# Farmland plant found



## SusanTheSnail (Jun 14, 2020)

So my amazon sword tub uses soil that comes from a rice farm and some plants have grown in it. I had one growing that I had tried growing on my 10 gallon Walstad tank for 2 weeks with new growth visible but not much significant








Emersed.








Submersed, the bright green plant.


----------



## Noahlikesfish (Apr 17, 2021)

Bacopa?


----------



## Cavan Allen (Jul 22, 2004)

The rice farm is where? It's a _Lindernia_ for sure but knowing more information would help narrow it down.


----------



## SusanTheSnail (Jun 14, 2020)

Cavan Allen said:


> The rice farm is where? It's a _Lindernia_ for sure but knowing more information would help narrow it down.

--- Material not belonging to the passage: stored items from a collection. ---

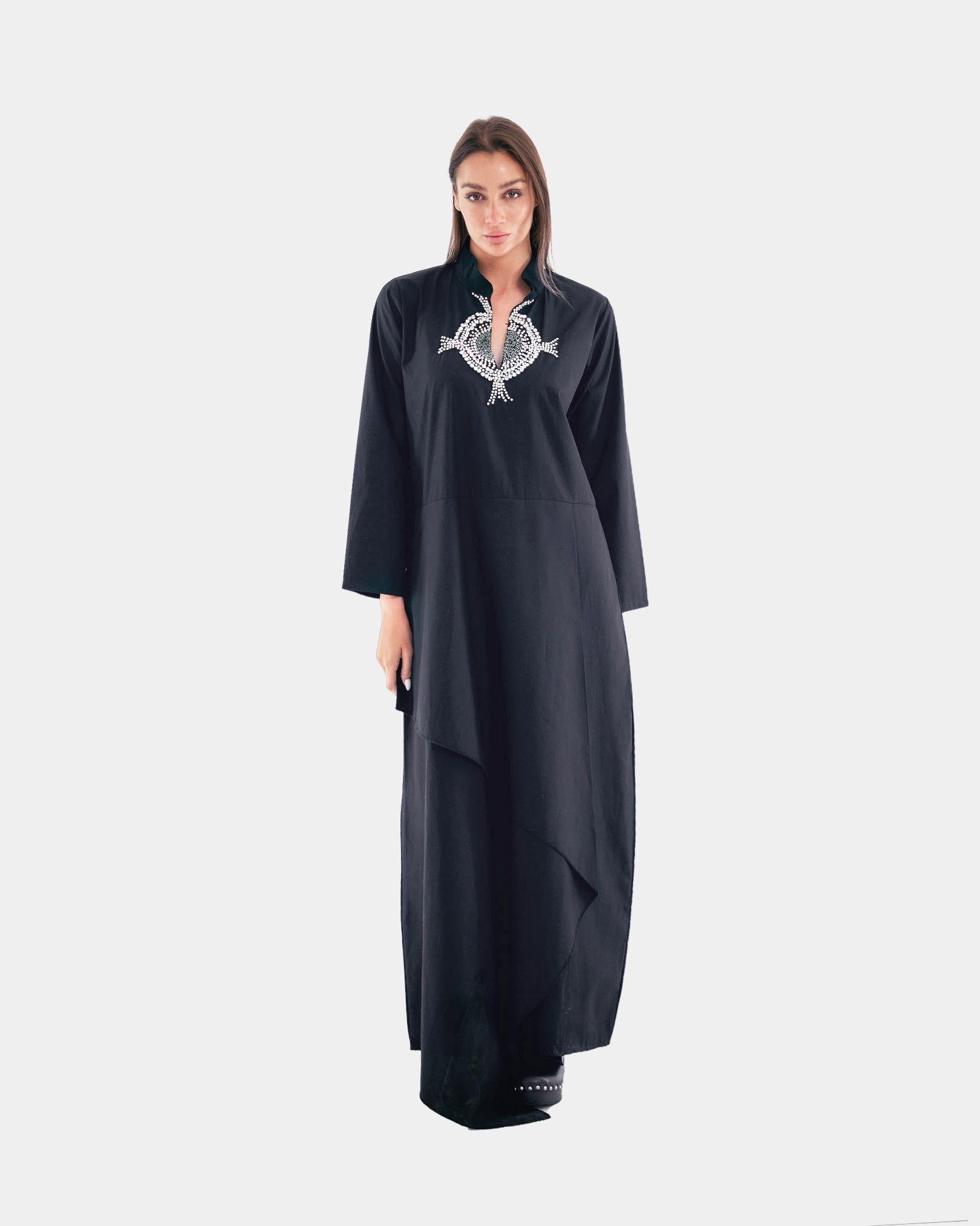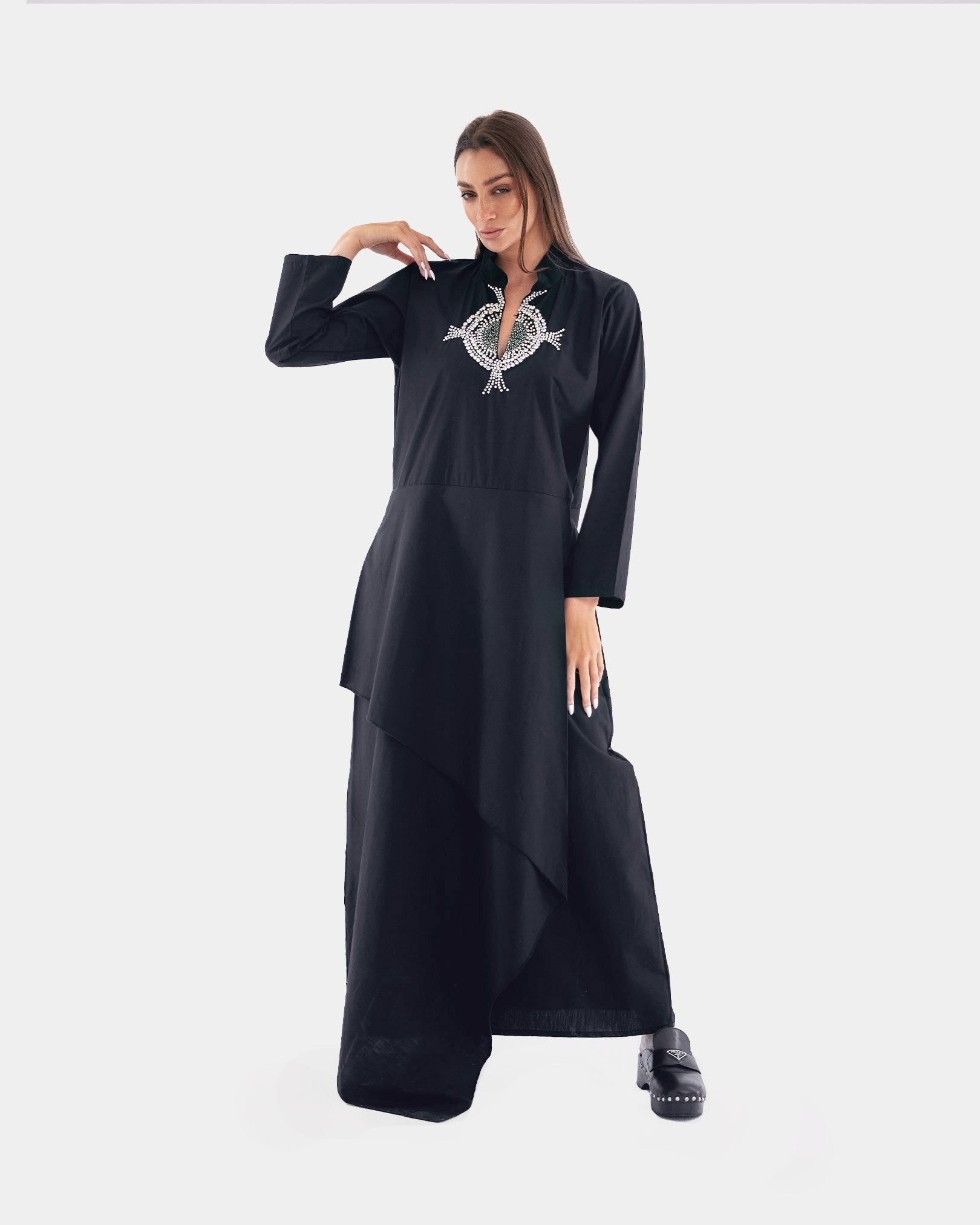 The Stella Verde Kaftan crafted from Egyptian luxurious poplin cotton, the black garment features asymmetrical skirt attachment, long sleeves, and a V-neckline. Expertly hand-embroidered with crystals, the kaftan offers classic elegance with a modern twist.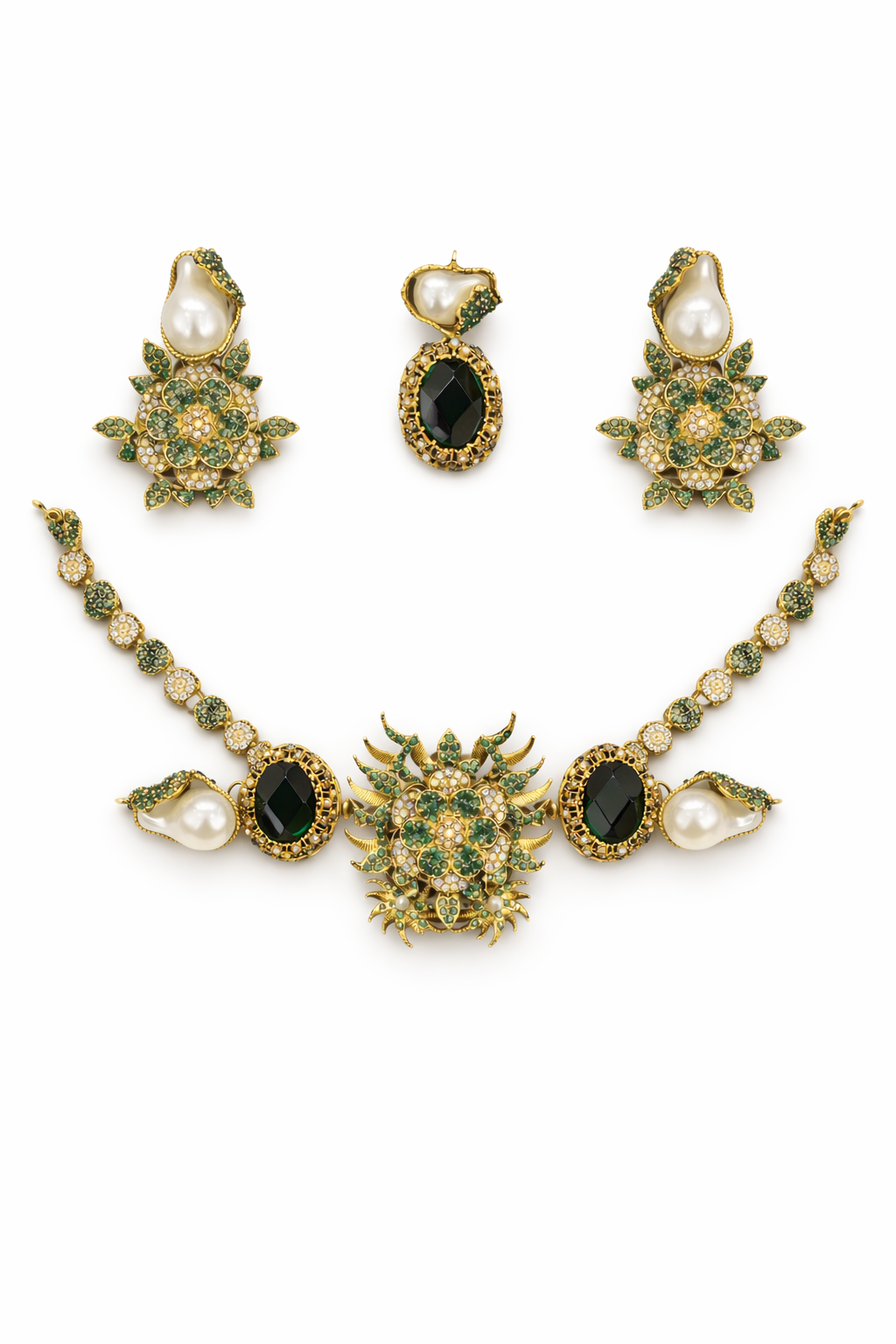 Elevate your festive and formal look with this exquisitely crafted emerald green and pearl statement jewellery set. Designed to exude royal charm, this set features intricate gold-tone detailing adorned with deep emerald stones, delicate crystals, and elegant baroque-style pearls.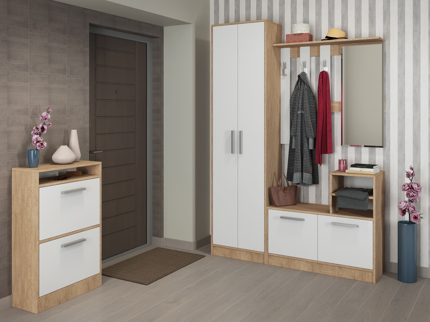 В дизайне современной коллекции мебели для прихожей "Энтер" используются лаконичные формы и древесные текстуры светлых и темных оттенков. Модульную прихожую "Энтер" вы можете приобрести как единым комплектом, так и отдельными модулями.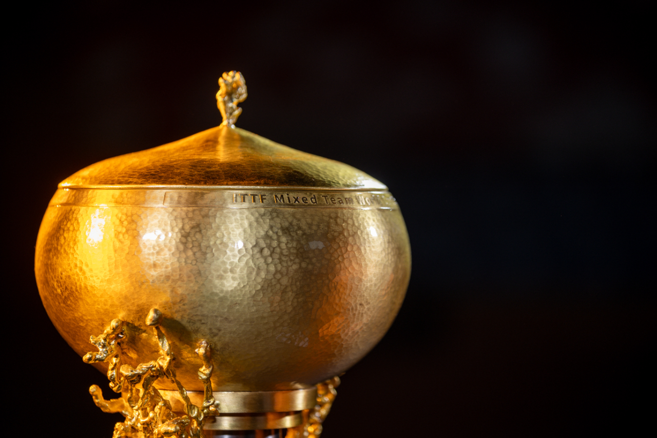奖杯以乒乓运动的力量与技巧为设计灵感,体现了“2023年国际乒联混合团体世界杯”赛事的精神追求与荣耀。

From a village that is a bit far and rural, inland and away from the coast. Most rice farms here are on heavy clay (sometimes sandy) soil or in wetland areas, as it is evident by the soil my amazon sword had. I tried looking if its _Lindernia _using the veins cuz they look parallel. The flowers are tiny and cant detail out they look like a speck of dust or something. Im not sure if its progressing much but i can see the new growth


----------



## SusanTheSnail (Jun 14, 2020)

This also grew and i tested of it can grow underwater. The identifier i used said its _Bonnaya antipoda. _I grew it submersed on the start of april and it did fine, it just did not assume any submersed form and did not wilt after I took it out. I continued growing a stem on my 44 gallon tank


----------